An MRI-based measure, corrected T1 (cT1), could be used as a potential biomarker for liver health, a study in collaboration with Massachusetts General Hospital, Perspectum Diagnostics and the University of Westminster has found.
This image shows a patient with cT1 in the normal range and low liver fat. This has been quantified using LiverMultiScan.
This study involved over 2,800 subjects from the UK BioBank MRI imaging study. The paper has revealed a tight distribution of cT1 values in a sub-population at low risk for non-alcoholic fatty liver disease. In comparison, the cT1 values were significantly elevated in 'higher-risk' sub-populations.
With the burgeoning obesity epidemic, the prevalence of both Non-Alcoholic Fatty Liver Disease (NAFLD), the build-up of fat in the liver, and Non-Alcoholic Steatohepatitis (NASH) inflammation in the liver, are rapidly increasing. Liver disease, including NAFLD and NASH, is usually asymptomatic until the development of cirrhosis, therefore it is critical to identify individuals who are risk and enable early diagnosis. In order to establish which populations are at risk, normality and abnormality need to be ascertained in the context of NAFL and NASH.
Of the population studied, only 37% of participants were classified as being at 'low risk' of NAFLD, i.e. those with a BMI under 25kg/m2and liver fat under 5%. Perspectum Diagnostics' proprietary technology, LiverMultiScan™ was used to calculate the patients' cT1 values. In separate research studies this novel imaging biomarker has been shown to correlate with histology and to predict prognosis (Banerjee, 2014; Pavlides, 2016). The results in this paper showed a tight distribution in the low-risk group, which can act as a baseline comparator in the diagnosis of patients with suspected NAFLD and NASH. The excellent intra-rater and inter-rater reproducibility observed in this study for cT1 provides further support for its utility. Separate research (Pavlides, 2017) has shown that cT1 can distinguish between NAFL and NASH, increasing its utility and adding value to a fat content measure alone to assess fatty liver disease.
Professor Stefan Neubauer, Chief Medical Officer at Perspectum Diagnostics, commented that, "Currently patients with suspected liver disease are biopsied which can cause great pain and distress, and there is a big need for a non-invasive biomarker to enable better care of patients. This study establishes a tight normal range for cT1 in a large low-risk population, an important pre-requisite for an imaging biomarker that can an aid early diagnosis and, hopefully, will reduce the number of patients who are unnecessarily biopsied."
LiverMultiScan corrects for the amount of iron in the liver, as high iron levels can distort the magnetic field and obscure the readings. In this population 36.5% of subjects had sufficiently high iron concentration in their livers to necessitate correction, emphasizing the importance of this method. Iron correction was also needed in cases of mild iron overload that in itself does not pose a clinical problem.

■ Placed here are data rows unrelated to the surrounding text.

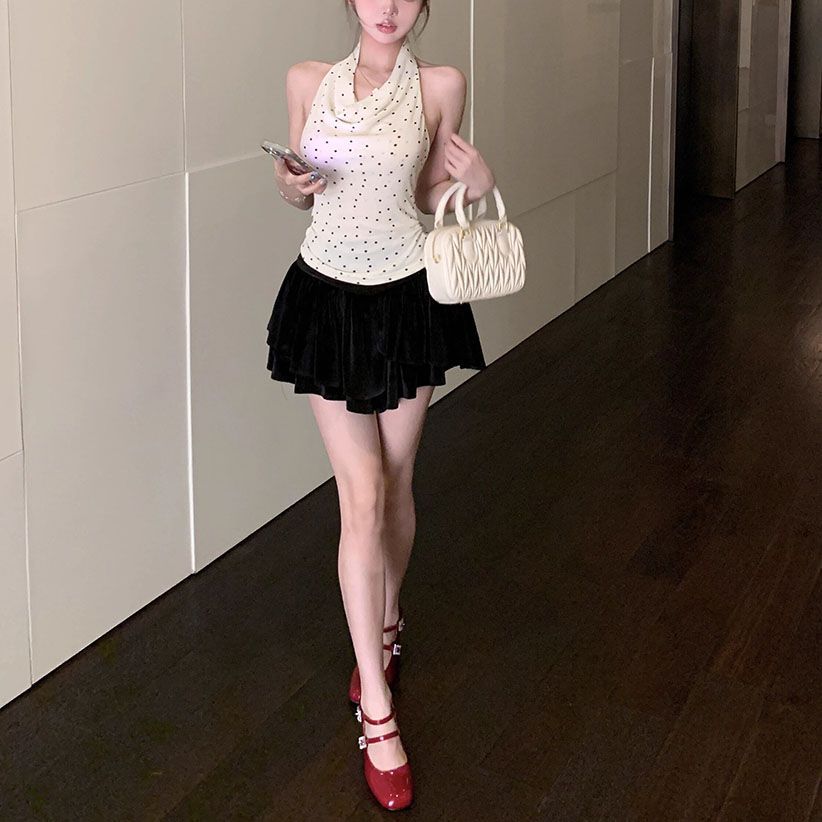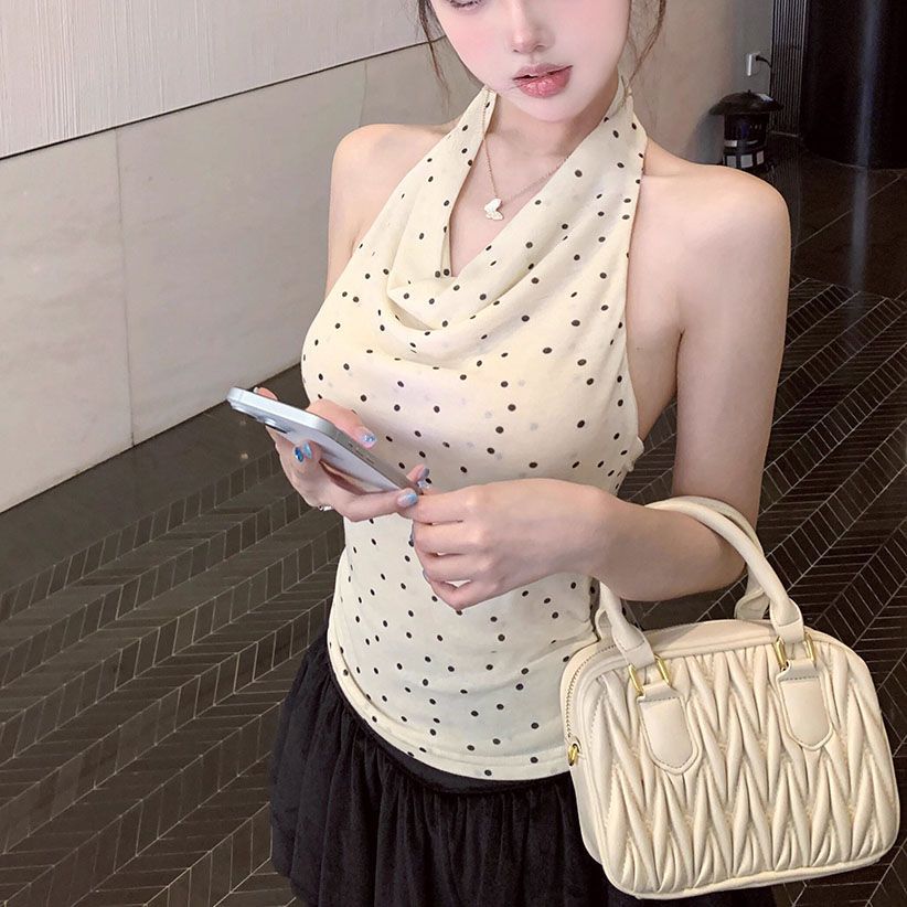 拼接荡领挂脖背心女夏季修身内搭甜辣妹无袖外穿上衣
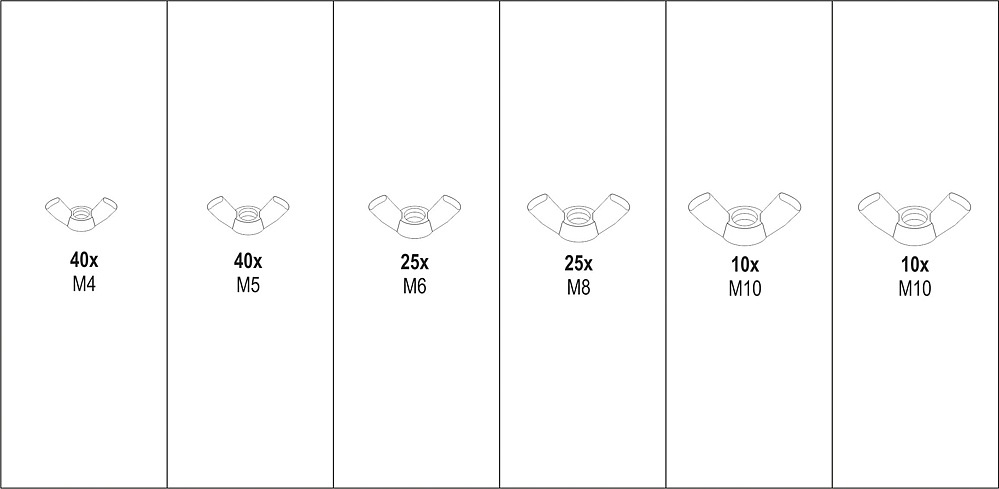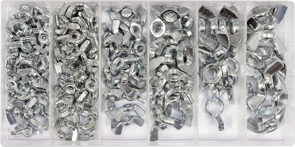 Sada 150 ks metrických křídlových matic. Vše je přehledně uspořádáno v kompaktním plastovém kufříku. Obsah balení 40x M4 40x M5 25x M6 25x M8 10x M10 10x M10 Celý popis
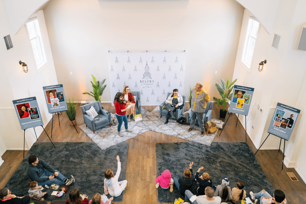 The first author’s weekend was perfect for little readers with four award-winning, beloved children’s authors coming together to share stories, answer questions, and sign books. The afternoon brought beautiful book displays, cozy rugs for kids to sit on, and a laid-back atmosphere that made the event fun and educational to attend. Book-themed food and drinks were provided by The Belfry team.
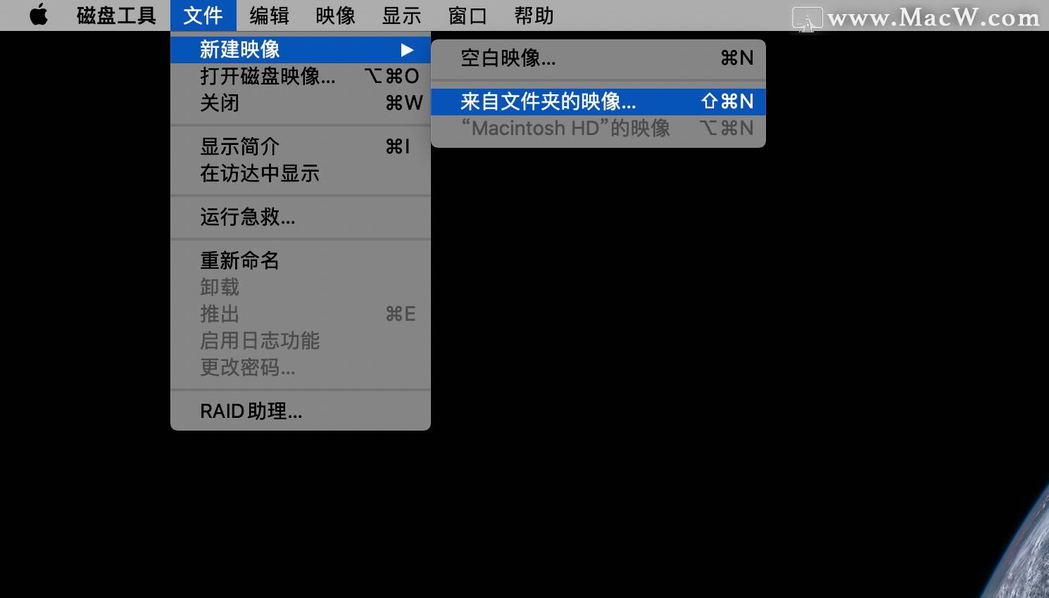 点击菜单栏中的 文件>新建>来自文件夹的映像,或者快捷键 Shift +Command + N。
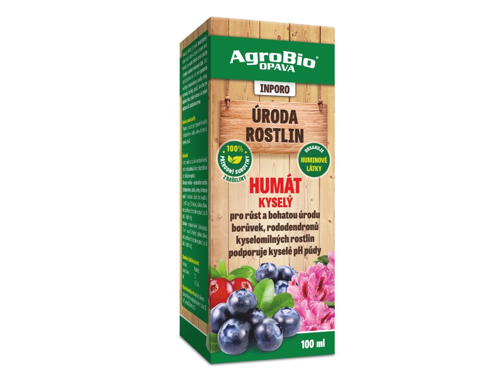 PŘÍRODNÍ PRODUKT. Humát kyselý je vodný roztok získaný řízeným procesem vodné extrakce ze suché tříděné černé rašeliny s vysokým obsahem huminových látek. Tento kapalný přípravek je určen pro kyselomilné rostliny (rododendrony, azalky, vřesy, hortenzie, borůvky, apod.). Je určen pro zlepšení růstu, zvýšení výnosu a odstranění stresových zátěží rostlin. Má antibakteriální účinky. Díky kyselému pH je možné použít Humát kyselý jako přírodní okyselovač.
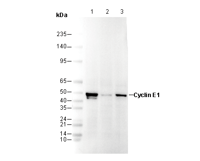 Cyclin E1 Antibody [A6P7] detects endogenous levels of Cyclin E1 proteins.
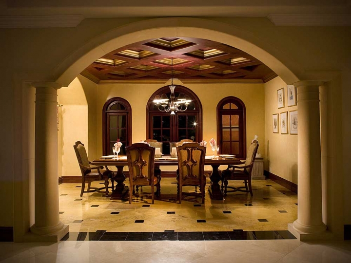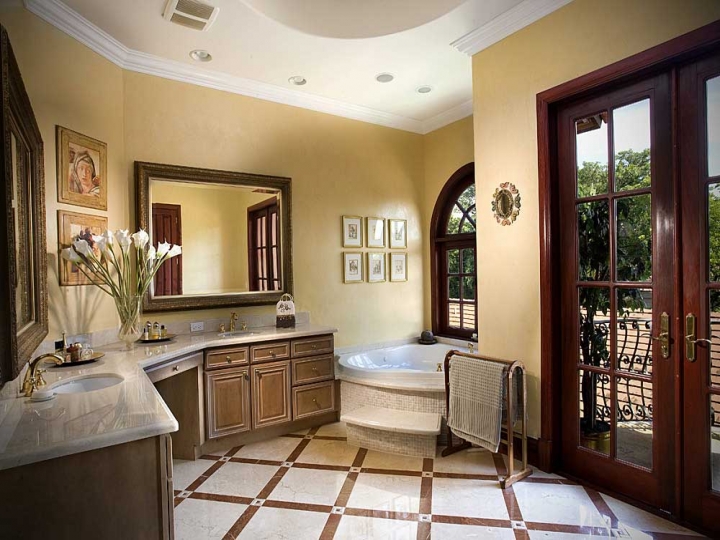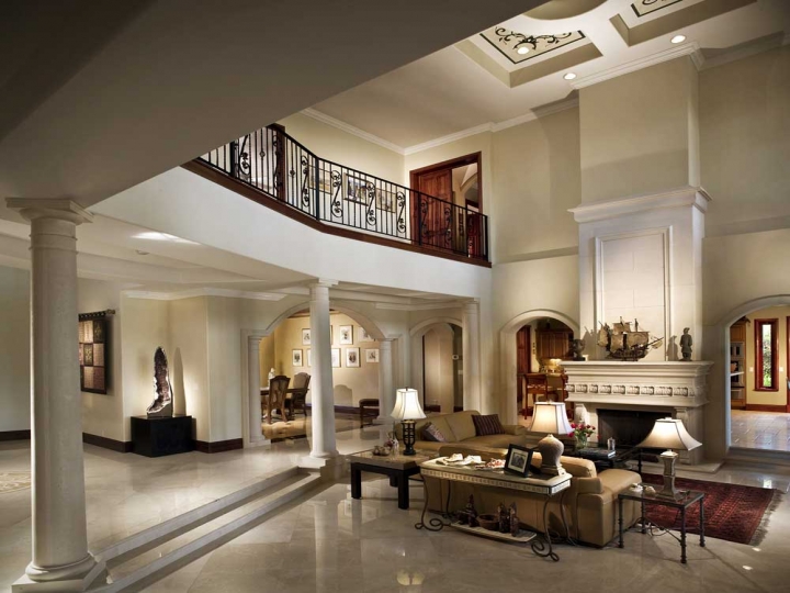 First Floor: A baronial arched entry presents the 2-story grand Foyer with a stunning 23 foot diameter cupola, with an Onyx medallion and polished marble flooring, which continues throughout this level. An ornate ironwork balustrade accents the majestic Navona marble staircase. A wrought iron door opens to the wine cellar, which will hold your favorite wines.
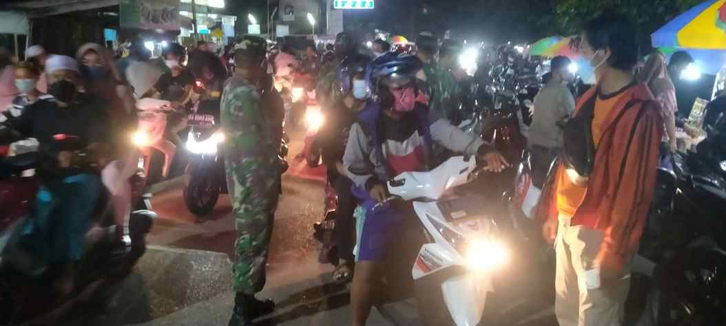 Hal ini dilakukan sesuai dengan jam operasionalnya yang buka dari sore hari sehingga tutup sekitar pukul 21.00 WIita, Selain itu sejumlah anggota juga membagi masker secara cuma-cuma kepada warga tidak memakai.
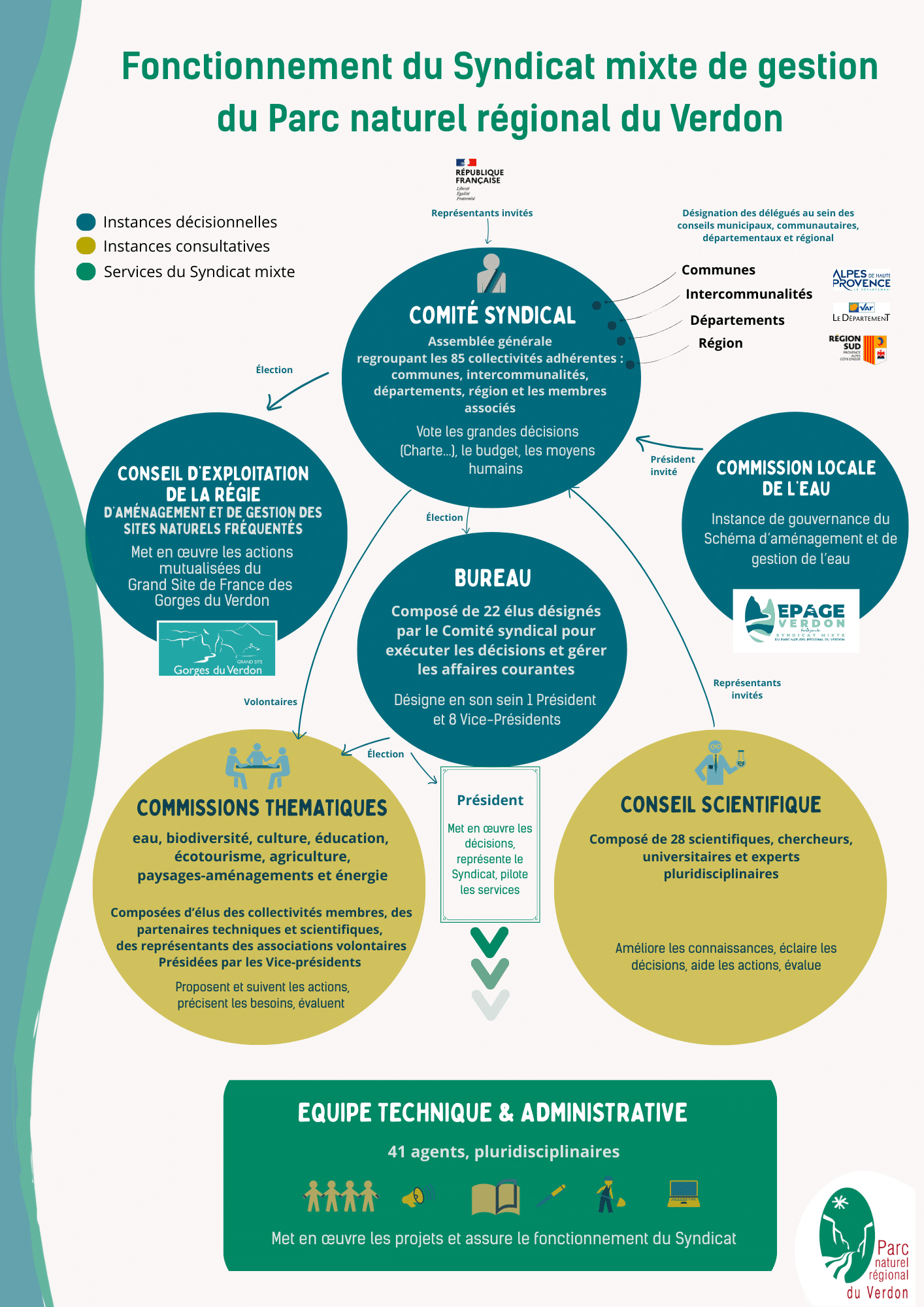 Le syndicat mixte de gestion du Parc naturel régional du Verdon répond à plusieurs objectifs et pour ce faire, est organisé autour de trois objets :

This paper includes an appendix of interesting case studies taken from the Patient Understanding of LiverMultiScan trial and from Massachusetts General Hospital, these case studies show the use of LiverMultiScan and cT1 across a variety of diseases. Dr Amirkasra Mojtahed from the Division of Abdominal Imaging at Massachusetts General Hospital, Boston stated that, "As we move into the era of personalized medicine, it is increasingly becoming important to develop quantitative imaging biomarkers that are uniform across various vendor platforms. This study is an important step in the path for developing a standardized imaging biomarker for liver health and has the potential to replace some of the inherently subjective current methods of assessing liver health."
This manuscript adds to the growing literature on T1 mapping in the liver and displays, for the first time, the reference range of cT1 values in a large population at low risk for NAFL, therefore demonstrating its potential as a biomarker for future studies.